INFORMATION PROVIDED Start Marker

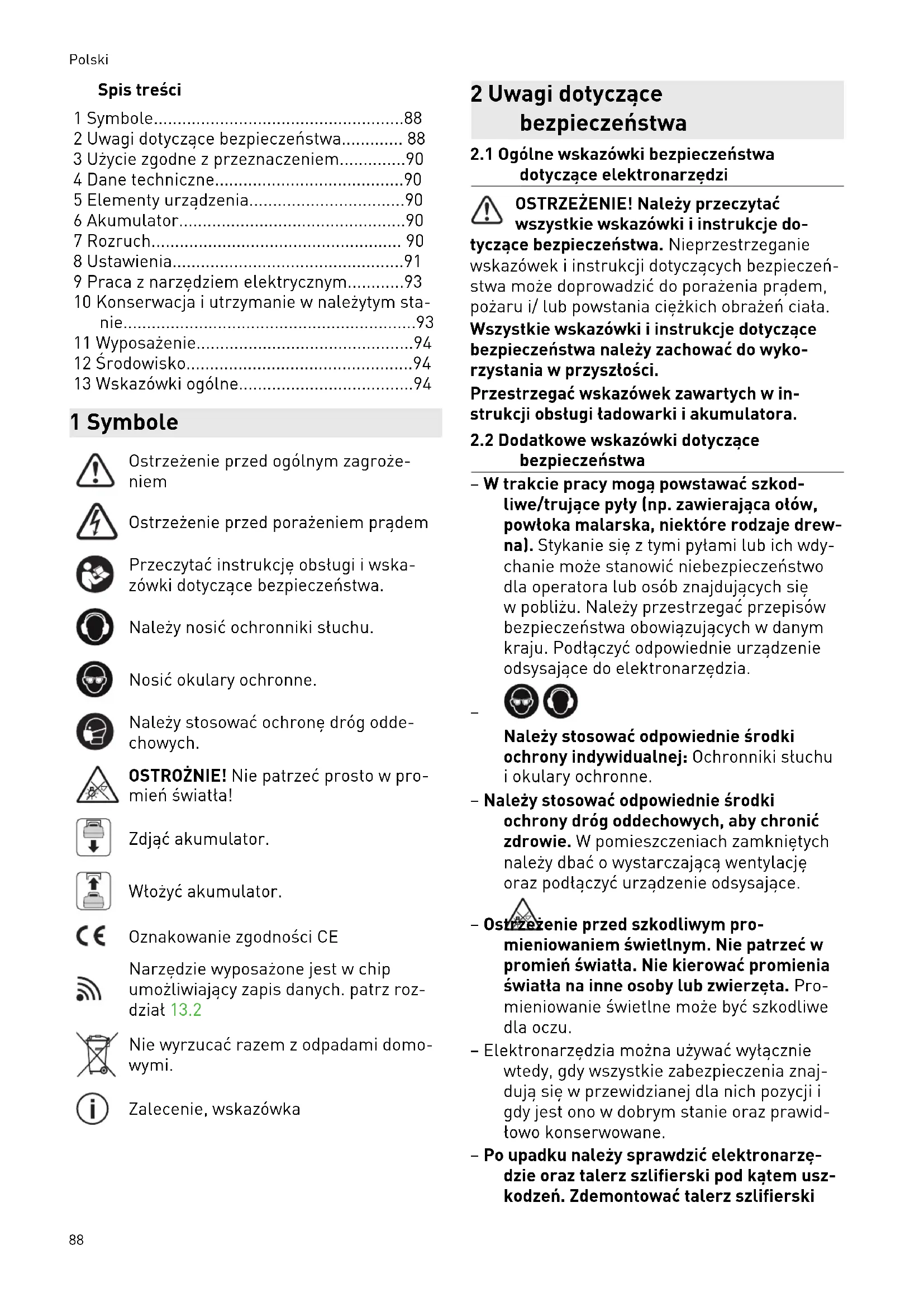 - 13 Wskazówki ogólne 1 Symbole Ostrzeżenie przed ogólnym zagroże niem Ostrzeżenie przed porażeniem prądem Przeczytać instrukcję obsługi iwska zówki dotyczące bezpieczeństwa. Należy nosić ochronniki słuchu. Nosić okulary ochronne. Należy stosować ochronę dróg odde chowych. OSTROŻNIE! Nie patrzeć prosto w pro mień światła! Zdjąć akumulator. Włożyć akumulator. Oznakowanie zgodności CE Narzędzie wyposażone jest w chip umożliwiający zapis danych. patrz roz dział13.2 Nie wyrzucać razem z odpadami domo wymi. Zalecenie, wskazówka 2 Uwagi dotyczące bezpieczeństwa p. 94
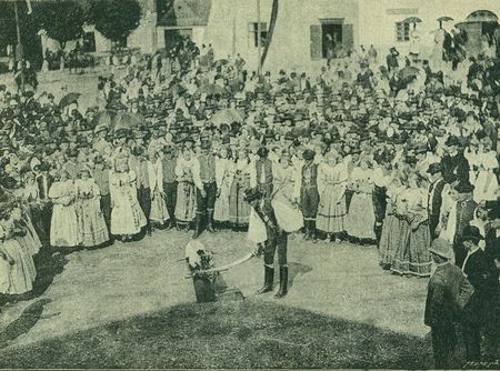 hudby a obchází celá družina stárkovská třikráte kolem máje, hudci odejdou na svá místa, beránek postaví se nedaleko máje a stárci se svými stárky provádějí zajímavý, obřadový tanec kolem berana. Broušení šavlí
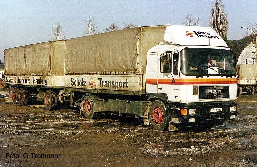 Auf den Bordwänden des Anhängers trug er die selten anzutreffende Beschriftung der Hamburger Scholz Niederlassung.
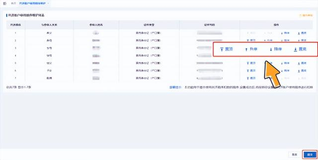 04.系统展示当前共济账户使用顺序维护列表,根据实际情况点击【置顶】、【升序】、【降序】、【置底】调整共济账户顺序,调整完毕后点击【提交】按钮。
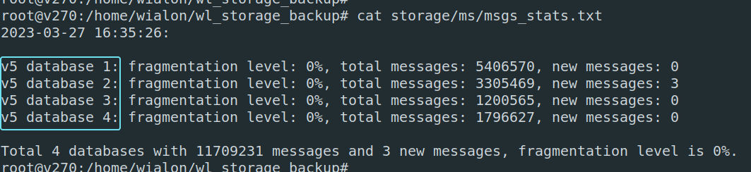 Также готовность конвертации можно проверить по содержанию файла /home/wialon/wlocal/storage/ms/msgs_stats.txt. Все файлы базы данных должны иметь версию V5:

INFORMATION PROVIDED End Marker
INFORMATION PROVIDED Start Marker

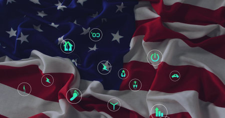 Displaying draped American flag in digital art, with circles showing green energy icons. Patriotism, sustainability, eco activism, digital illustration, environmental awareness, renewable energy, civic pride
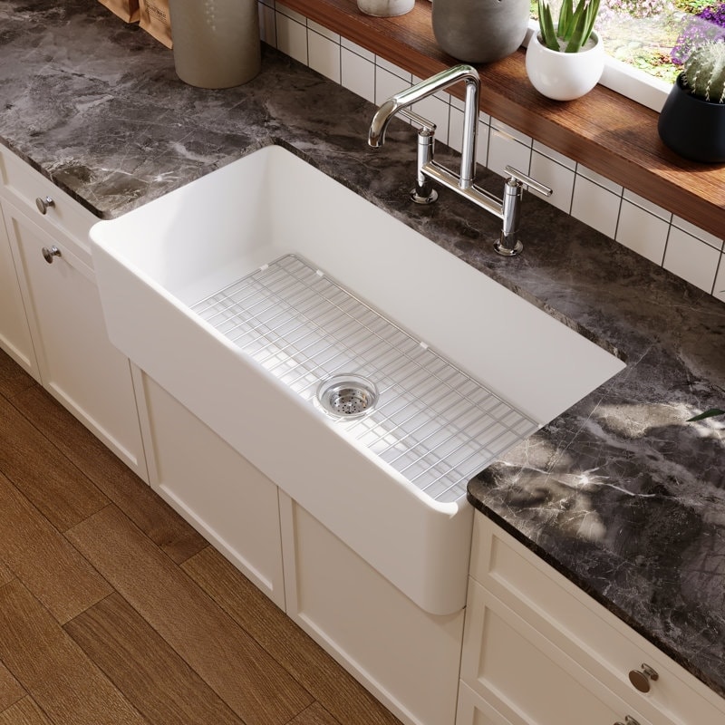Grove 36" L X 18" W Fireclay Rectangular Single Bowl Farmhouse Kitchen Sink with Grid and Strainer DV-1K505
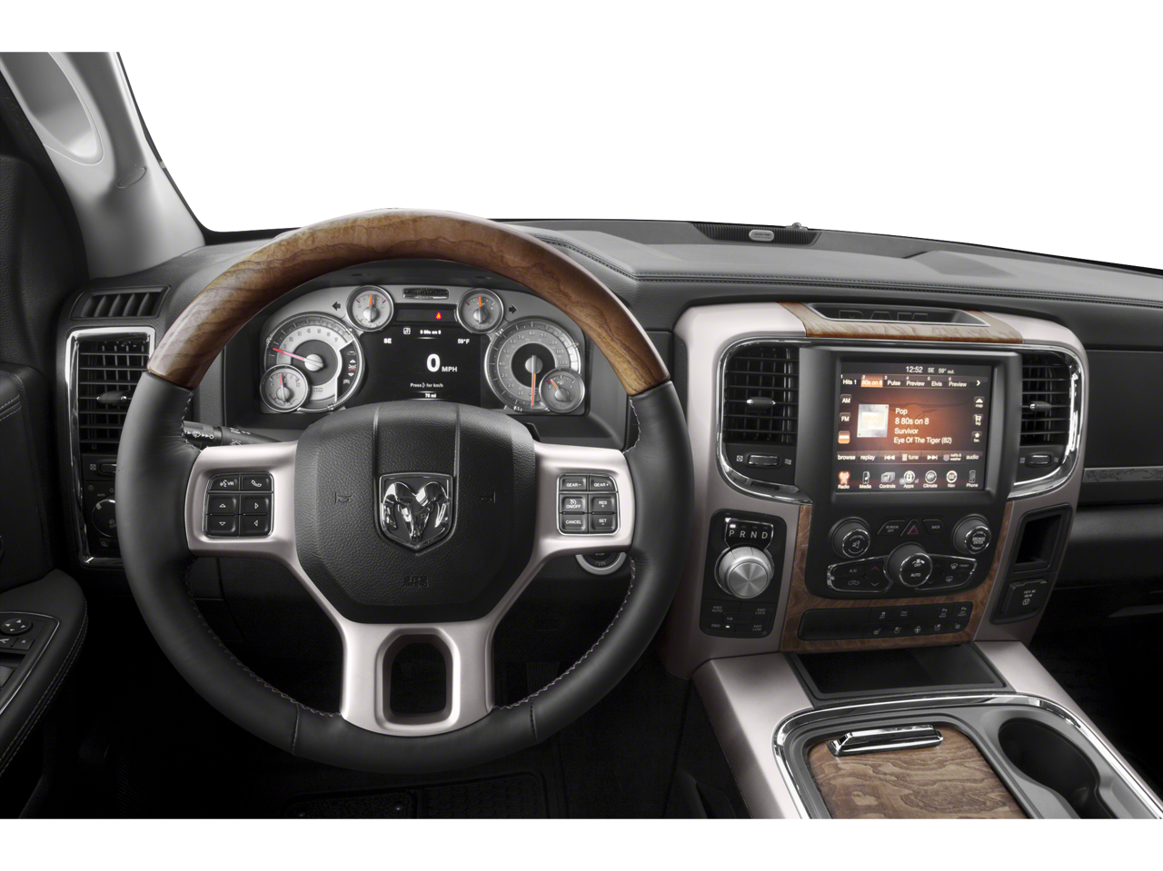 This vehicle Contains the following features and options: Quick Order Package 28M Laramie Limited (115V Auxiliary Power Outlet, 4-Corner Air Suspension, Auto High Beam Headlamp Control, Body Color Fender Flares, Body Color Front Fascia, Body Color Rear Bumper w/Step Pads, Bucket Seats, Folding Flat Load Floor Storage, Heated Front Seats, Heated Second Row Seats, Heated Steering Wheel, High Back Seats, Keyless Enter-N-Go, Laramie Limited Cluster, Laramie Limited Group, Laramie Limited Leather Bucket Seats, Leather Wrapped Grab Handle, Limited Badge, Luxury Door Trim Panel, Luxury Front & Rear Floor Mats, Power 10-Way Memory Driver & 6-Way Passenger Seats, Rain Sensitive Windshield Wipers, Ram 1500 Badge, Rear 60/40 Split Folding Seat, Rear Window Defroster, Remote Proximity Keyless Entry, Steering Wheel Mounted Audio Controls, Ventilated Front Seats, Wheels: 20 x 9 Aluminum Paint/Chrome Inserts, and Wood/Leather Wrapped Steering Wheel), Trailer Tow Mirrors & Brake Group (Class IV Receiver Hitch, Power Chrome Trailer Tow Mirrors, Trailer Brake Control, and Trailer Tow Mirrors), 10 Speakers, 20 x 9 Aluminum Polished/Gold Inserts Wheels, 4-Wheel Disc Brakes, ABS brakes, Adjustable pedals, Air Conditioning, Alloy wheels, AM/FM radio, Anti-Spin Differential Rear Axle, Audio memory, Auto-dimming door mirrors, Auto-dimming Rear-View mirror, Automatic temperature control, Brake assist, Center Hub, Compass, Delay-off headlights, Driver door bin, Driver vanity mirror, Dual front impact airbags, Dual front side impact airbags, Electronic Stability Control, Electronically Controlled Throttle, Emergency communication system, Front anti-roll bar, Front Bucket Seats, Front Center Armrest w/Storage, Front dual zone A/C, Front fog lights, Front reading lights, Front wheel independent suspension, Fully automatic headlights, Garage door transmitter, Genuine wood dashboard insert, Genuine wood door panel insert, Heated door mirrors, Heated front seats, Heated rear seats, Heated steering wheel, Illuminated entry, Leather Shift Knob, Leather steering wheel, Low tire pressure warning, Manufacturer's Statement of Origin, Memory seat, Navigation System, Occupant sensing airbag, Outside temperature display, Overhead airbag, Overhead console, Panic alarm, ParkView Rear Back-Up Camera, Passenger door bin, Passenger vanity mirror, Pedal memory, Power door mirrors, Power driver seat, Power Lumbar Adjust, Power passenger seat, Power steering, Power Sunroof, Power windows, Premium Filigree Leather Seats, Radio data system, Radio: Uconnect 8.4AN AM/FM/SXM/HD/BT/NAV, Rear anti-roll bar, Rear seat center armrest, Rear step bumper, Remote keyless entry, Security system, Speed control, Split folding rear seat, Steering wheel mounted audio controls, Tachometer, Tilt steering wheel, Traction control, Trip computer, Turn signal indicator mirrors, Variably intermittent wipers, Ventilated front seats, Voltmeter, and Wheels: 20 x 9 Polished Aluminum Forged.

INFORMATION PROVIDED End Marker
INFORMATION PROVIDED Start Marker

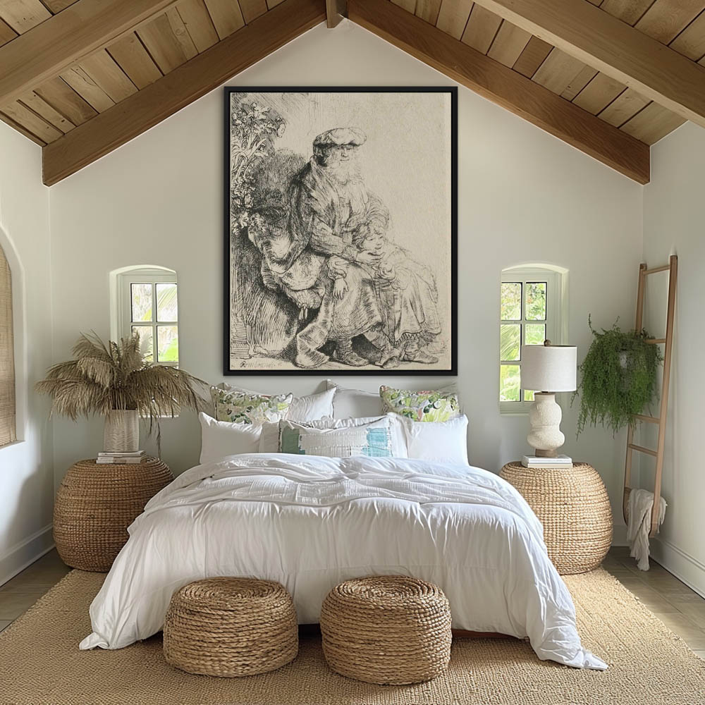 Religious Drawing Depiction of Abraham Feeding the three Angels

INFORMATION PROVIDED End Marker

### PROBLEM STATEMENT
The lines to copy exactly start with the line above that has "hudby a obchází" and go on through the line that has "Также готовность конвертации"; please include both, add nothing else, and omit the pictures.

### RESPONSE FOR THIS EXERCISE
 hudby a obchází celá družina stárkovská třikráte kolem máje, hudci odejdou na svá místa, beránek postaví se nedaleko máje a stárci se svými stárky provádějí zajímavý, obřadový tanec kolem berana. Broušení šavlí
 Auf den Bordwänden des Anhängers trug er die selten anzutreffende Beschriftung der Hamburger Scholz Niederlassung.
 04.系统展示当前共济账户使用顺序维护列表,根据实际情况点击【置顶】、【升序】、【降序】、【置底】调整共济账户顺序,调整完毕后点击【提交】按钮。
 Также готовность конвертации можно проверить по содержанию файла /home/wialon/wlocal/storage/ms/msgs_stats.txt. Все файлы базы данных должны иметь версию V5:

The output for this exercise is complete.